Talking about the retirement product market in general, he said there was certainly a lot of interest in building innovative retirement products that manage longevity risk, but a lot of their work has been around capital protection.

In the wealth management business, Pankhurst said ING recently released products built with guarantees. Its Protected Growth Fund locks in a certain proportion of the client’s capital as it rises, and its latest Protected Growth Fund No 2 has no lock-in period limitations and is capital protected.

“If you look at the Protected Growth Funds, they provide a mechanism whereby they dynamically allocate between growth and defensive assets. As the markets start to pick up, they start to allocate more to the growth assets. People pick up the upside, but because they have a protective mechanism as the markets start to drop, they lock in, so you’re actually locking in the gains.

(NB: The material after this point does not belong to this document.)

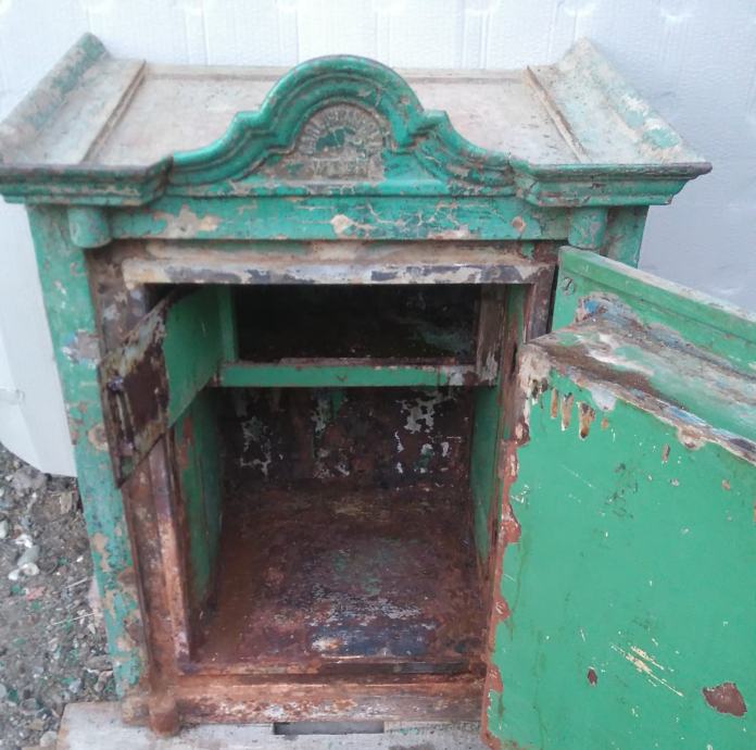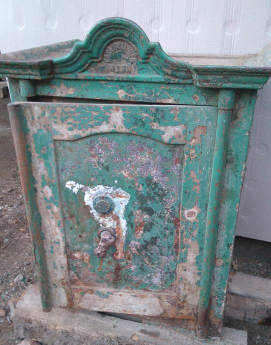 Sef je u stanju kao na slici. Obzirom da je od debelog željeza pjeskarenjem ili nekom sličnom tehnikom, može se lako urediti i vratiti u funkciju.

People are absolutely looking for that type of style and that kind of protection,” Pankhurst said.

“We’re also looking at some innovations around new retirement products that will provide similar lock-ins and will help to protect the income for customers throughout their life. It’s really been triggered by the fact that people are more cautious as a result of market performance,” he said.

Howes said Challenger is not as focused on product innovation as it is on delivering quality products.

“Our focus is on delivering a high quality, guaranteed income product rather than focusing on complicated product innovation that delivers, in our view, little more than excessive fees and risks to retirees who are in desperate need of reduced risk in retirement and are in desperate need of attractive returns alongside guaranteed income,” he said.

“The more important trend is not so much around product innovation, but rather a realisation that the virtues of simplicity and genuine guarantees of APRA-regulated institutions, like life offices, are very positive relative to more risky, growth and high-yielding stories, which characterised the portfolios of the 90s and early part of this decade.

“It’s more an issue around providing certainty and an attractive return.”

Matterson said that whatever route product providers take, they should keep consumer needs and attitudes in mind.

“Successful products will combine protection against market downturns with a lifetime income, or whatever it might be, to get a broader appeal,” Matterson said.

“A key thing in product design is to recognise that people do have this innate desire to leave something behind. And coming up with products that can provide some sort of income guarantee, but give people the ability and flexibility to do what they ultimately want with their assets, is critical.”